Copy nothing but the text: repeat each entry exactly and drop the images.

▶ Dataset excerpts:
-----

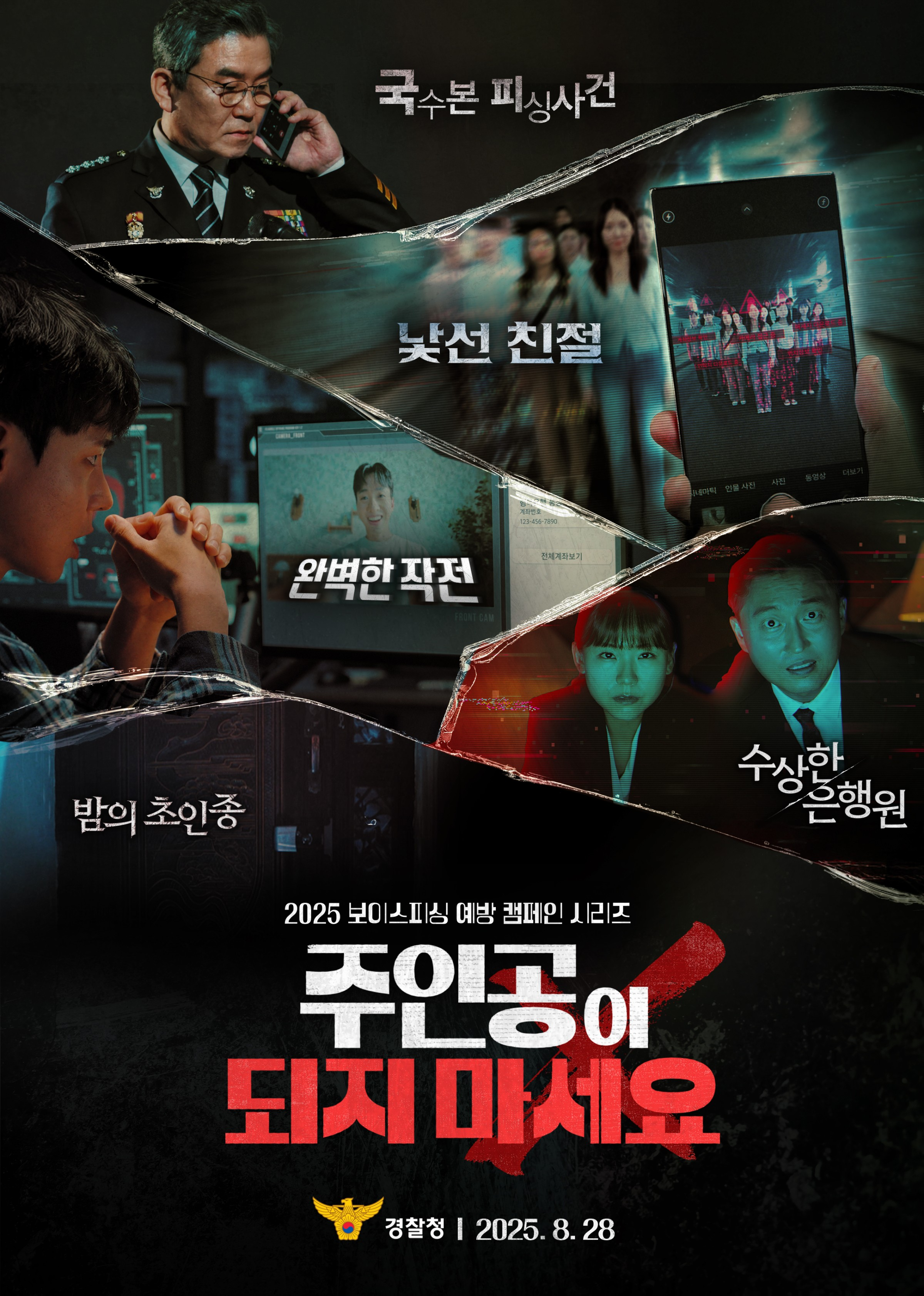 이번 홍보 캠페인은 ‘짜여진 각본의 주인공이 되지 마세요’라는 핵심 메시지를 전한다. 보이스피싱 범죄가 치밀하게 짜여진 시나리오에 따라 진행된다는 점을 강조하면서 국민이 그 각본 속에 피해자가 돼선 안 된다는 의미다.
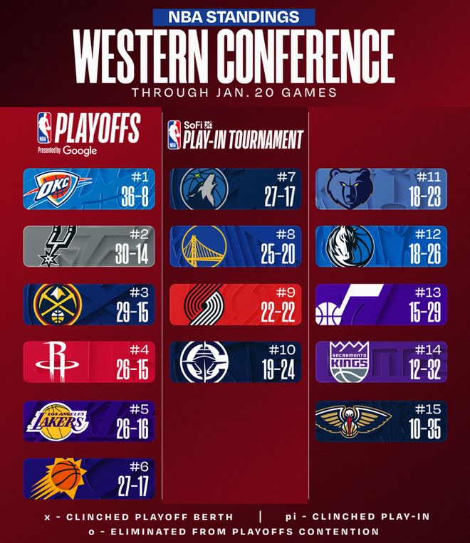 北京時(shí)間1月21日,NBA常規(guī)賽打完,西部的格局再度出現(xiàn)了變化,休斯頓火箭隊(duì)升至第四,洛杉磯湖人升至第五,菲尼克斯太陽(yáng)升至第六,森林狼則掉到第七,勇士則還是維持第八,快船艱難維持第十。
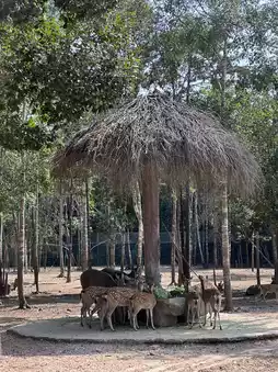 园内还有一家长颈鹿餐厅,您可以近距离接触长颈鹿、喂食它们并拍照。
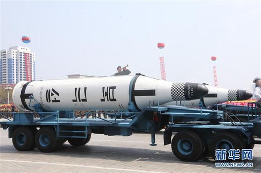 这是4月15日在朝鲜首都平壤举行的阅兵式上拍摄的军事装备。朝鲜15日在平壤举行纪念金日成诞辰105周年的阅兵式和群众游行,并展示了朝鲜最先进的导弹装备。新华社记者朱龙川摄
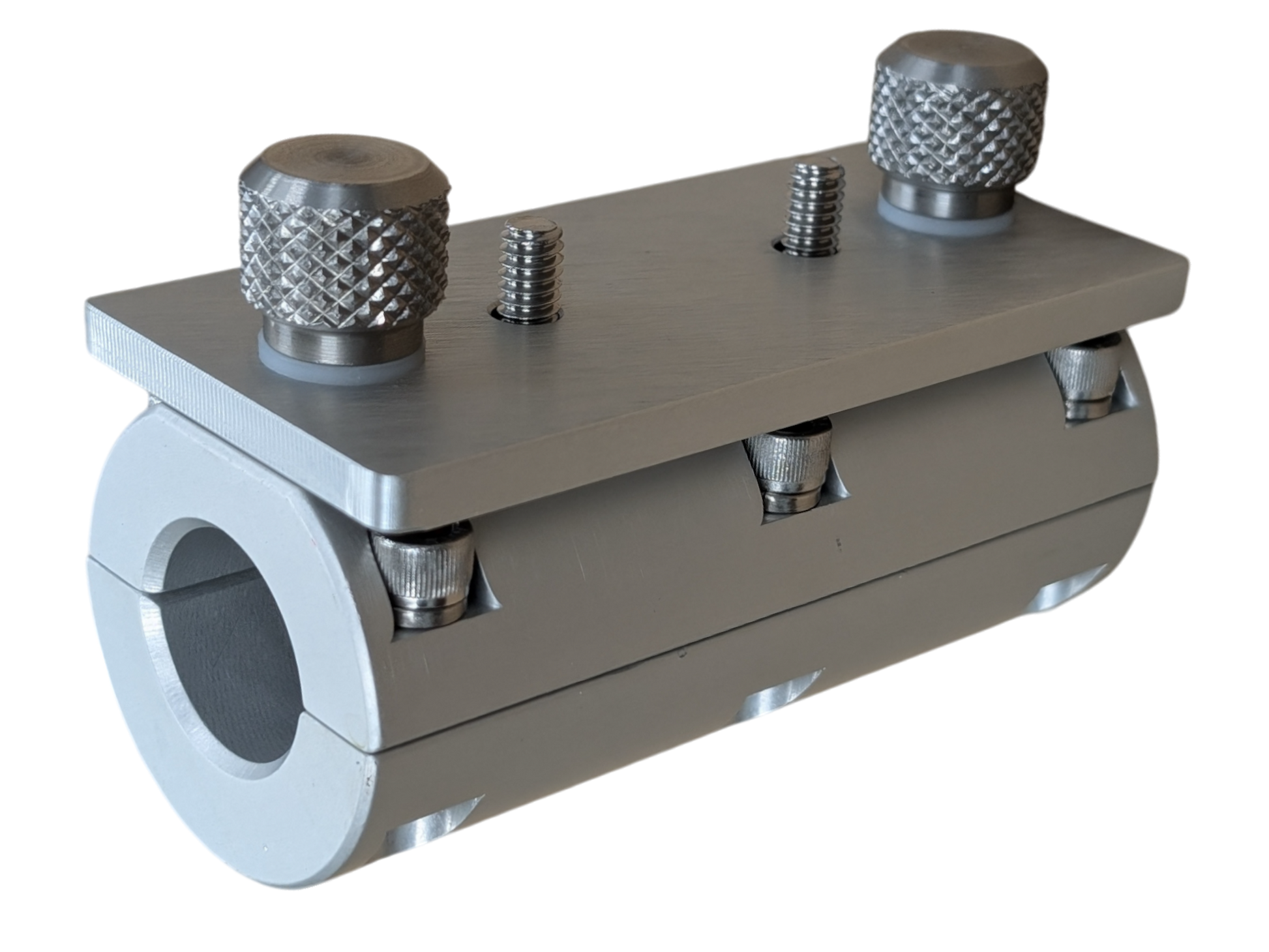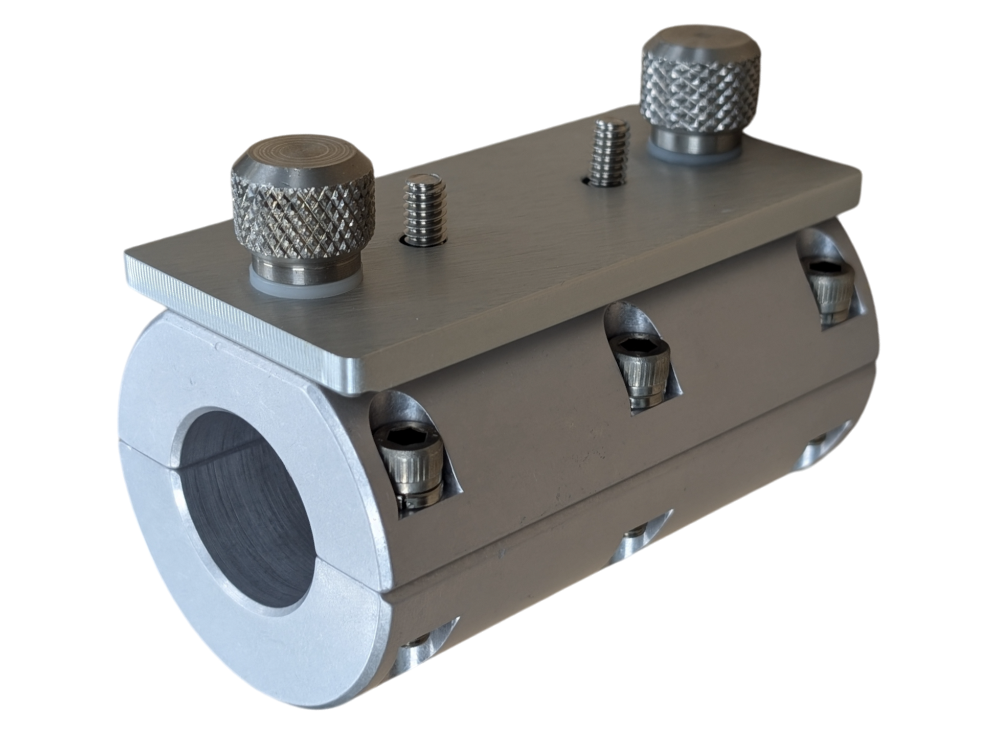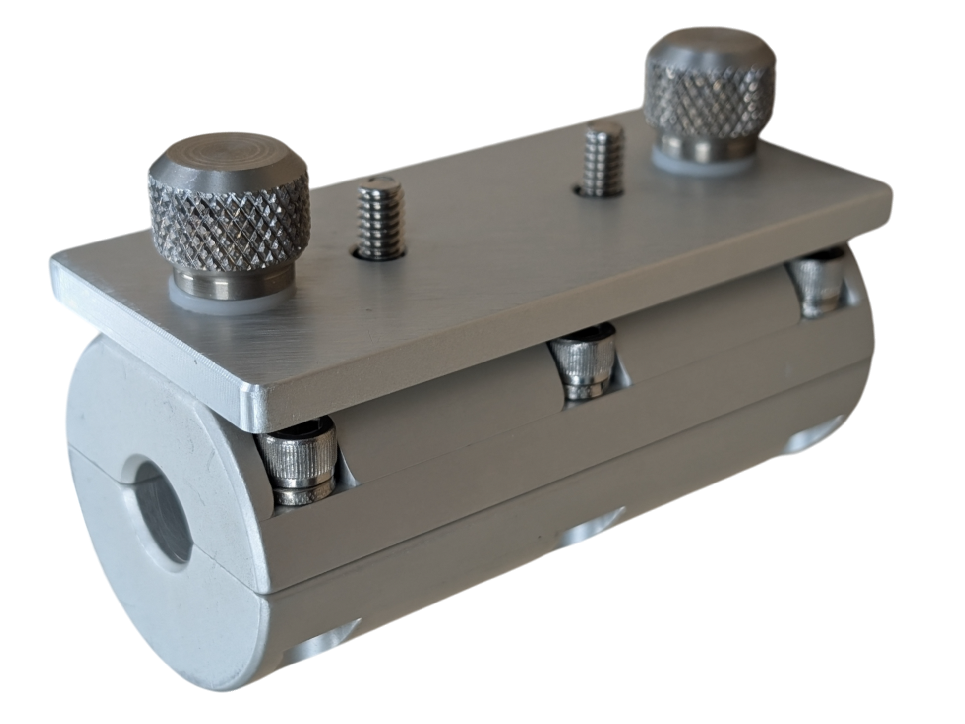 Our newly designed thumbscrew rail mount gives the user additional options than the rail mount described above. As shown to the right, the rod holder is attached to a top plate with two thumbscrews and can be attached/unattached leaving only the slim fitted mount attached to the rail.
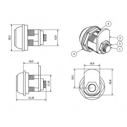 Mittlås, 174x109 mm tillverkat av svart PVC, för infällning, med nyckellåsning och avtätat nyckellock. Levereras med en nyckel.
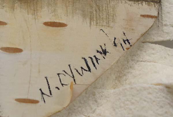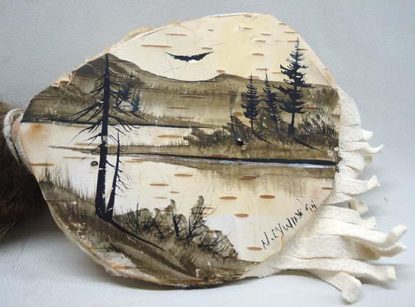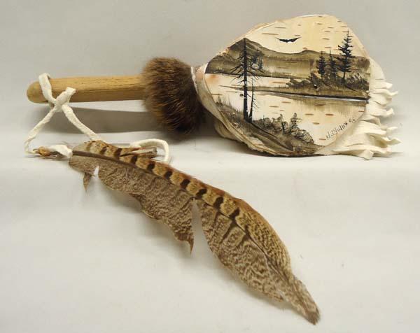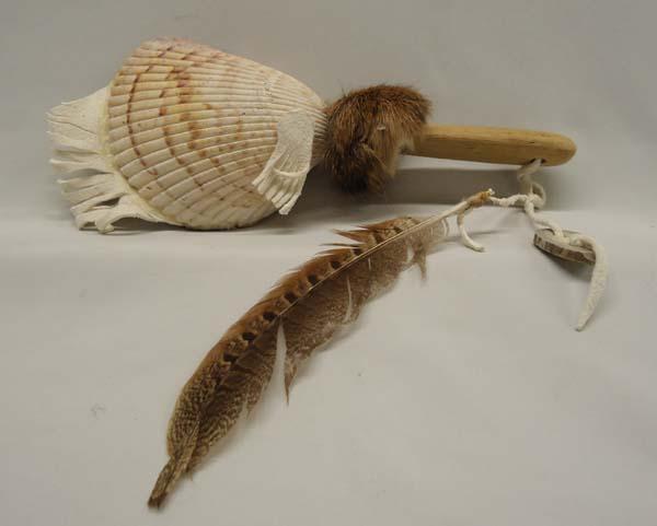 Native American Ojibwa Shell Rattle By Nick Cywink. Ojibwa (Anishinabe) rattle, shell, antler, wood, feather and leather. Painting of lake scene on leather. Rattle measures approx. not including feather 8''L x 3 1/3''W. Buyers Pay Actual Shipping and Handling Charges(see terms and conditions for more information).
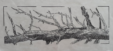 Gene Shaw, Horizontal Tree, woodcut print, 17" x 39"
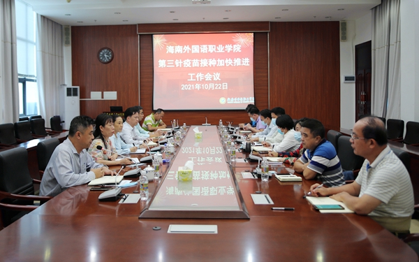 10月22日下午,我院在综合楼七楼会议室(一)召开校园安全专项整顿暨第三针新冠疫苗接种推进工作会议,学院党委书记佴建乔,党委副书记、院长杨学前,党委副书记黄丽芹,党委委员、纪委书记、省监委驻学院监察专员黄培怡,党委委员、副院长梁松出席会议。有关部门、各系部负责人参加会议。
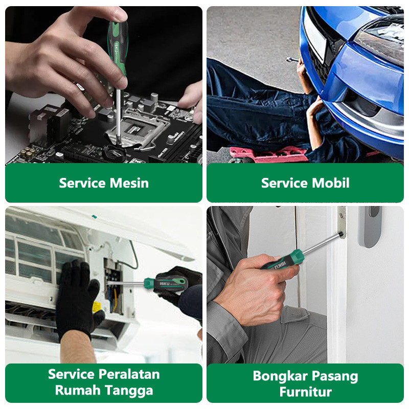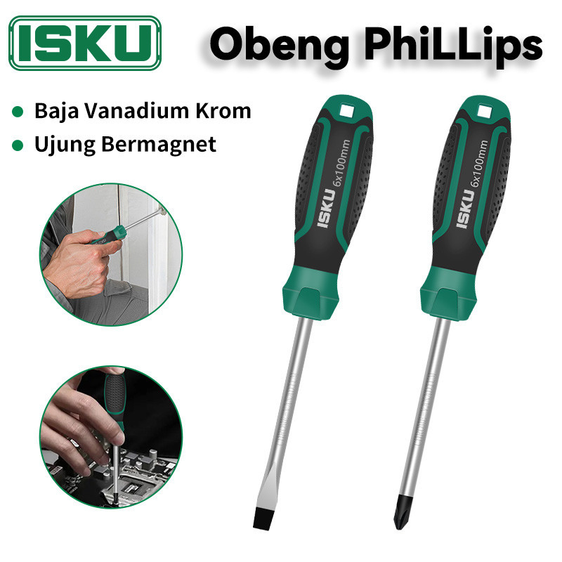 ISKU Obeng Plus Minus 2pcs Screwdriver Set Tip Magnetik Chrome Vanadium Obeng
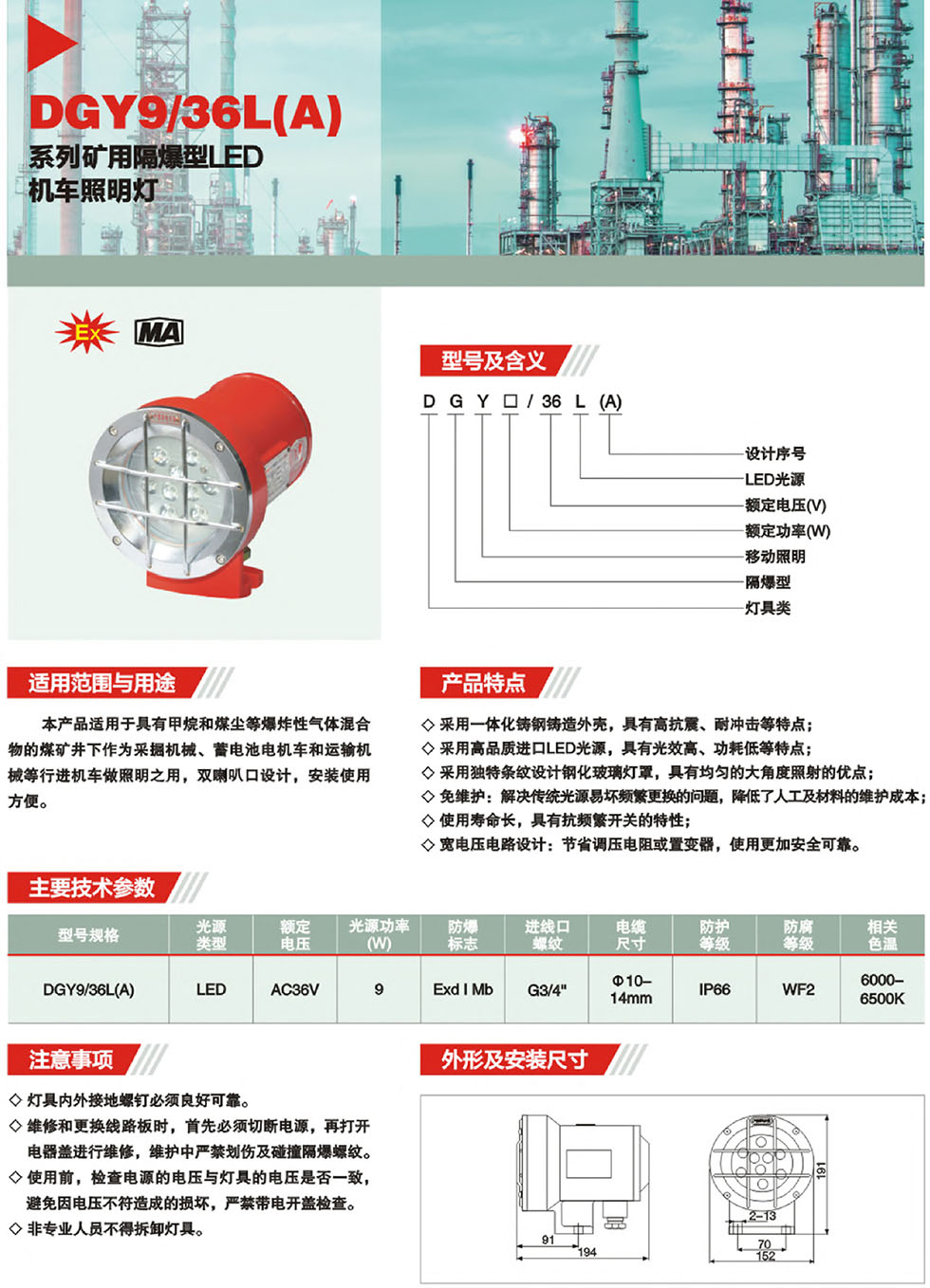 DGY9/12/36/36L/24/127L(A)矿用隔爆型LED机车照明灯

-----

▶ Completed exercise:
 이번 홍보 캠페인은 ‘짜여진 각본의 주인공이 되지 마세요’라는 핵심 메시지를 전한다. 보이스피싱 범죄가 치밀하게 짜여진 시나리오에 따라 진행된다는 점을 강조하면서 국민이 그 각본 속에 피해자가 돼선 안 된다는 의미다.
 北京時(shí)間1月21日,NBA常規(guī)賽打完,西部的格局再度出現(xiàn)了變化,休斯頓火箭隊(duì)升至第四,洛杉磯湖人升至第五,菲尼克斯太陽(yáng)升至第六,森林狼則掉到第七,勇士則還是維持第八,快船艱難維持第十。
 园内还有一家长颈鹿餐厅,您可以近距离接触长颈鹿、喂食它们并拍照。
 这是4月15日在朝鲜首都平壤举行的阅兵式上拍摄的军事装备。朝鲜15日在平壤举行纪念金日成诞辰105周年的阅兵式和群众游行,并展示了朝鲜最先进的导弹装备。新华社记者朱龙川摄
 Our newly designed thumbscrew rail mount gives the user additional options than the rail mount described above. As shown to the right, the rod holder is attached to a top plate with two thumbscrews and can be attached/unattached leaving only the slim fitted mount attached to the rail.
 Mittlås, 174x109 mm tillverkat av svart PVC, för infällning, med nyckellåsning och avtätat nyckellock. Levereras med en nyckel.
 Native American Ojibwa Shell Rattle By Nick Cywink. Ojibwa (Anishinabe) rattle, shell, antler, wood, feather and leather. Painting of lake scene on leather. Rattle measures approx. not including feather 8''L x 3 1/3''W. Buyers Pay Actual Shipping and Handling Charges(see terms and conditions for more information).
 Gene Shaw, Horizontal Tree, woodcut print, 17" x 39"
 10月22日下午,我院在综合楼七楼会议室(一)召开校园安全专项整顿暨第三针新冠疫苗接种推进工作会议,学院党委书记佴建乔,党委副书记、院长杨学前,党委副书记黄丽芹,党委委员、纪委书记、省监委驻学院监察专员黄培怡,党委委员、副院长梁松出席会议。有关部门、各系部负责人参加会议。
 ISKU Obeng Plus Minus 2pcs Screwdriver Set Tip Magnetik Chrome Vanadium Obeng
 DGY9/12/36/36L/24/127L(A)矿用隔爆型LED机车照明灯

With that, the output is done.